Unfortunately the day before the hot water temperature was turned up. The beast finds this out just as he reaches the pot and a little of the water touches his fingers. Ahh #!$$*! Having burnt his fingers on the water the beasts body jerks and a little of the water falls into the stinking hot caramel. causing . a jet of steam to shoot up and scold his other hand. tipping the other side of the bowl . as more water splashes into the burnt sugar. a nasty chain reaction occurs. J!#^*! CH+!?*! . Another shoot of stinking hot steam with bits of caramel hits the first hand. he pulls away.and the bowl tumbles down his front with the rest of the water burning his unmentionables. holy m*!?*! of #!!
At this stage being the only witness on the scene I was trying not to let my face contort with hysterical laughter and as a result I was half bent over holding my mouth. Laughter is contagious and the beast declared "well you wouldn't read about it" (censored version) and burst out laughing. * No one was permanently damaged during the events of this story.

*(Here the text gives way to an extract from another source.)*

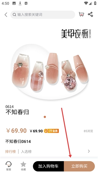 4、在商品详情页,可查看美甲款式、价格等信息,同时使用【加入购物车】【立即购买】等功能完成下单。

Favorite food to cook with?
I'm largely on my own here but I just love salmon. What other meat can you hot smoke, cold smoke, cure, poach, bake, sashimi, panfry, roast and more. While you can do this with other meat, salmon always comes out looking like a special occasion all on its own. Where's the champagne! When people say "I don't like salmon", I believe this comes from a straight pan seared piece of fish and I don't like this either. Salmon takes on the flavours of other ingredients exceptionally well while retaining a smooth flaky texture. Yum!
When at home, what do you like to eat?
Well my food from my web site goes down a treat, there is nothing like experimenting on your self with food. But I do try to stay healthy and eat lots of salads and meats. I'm quite fond of crackers but no carbs after 5pm.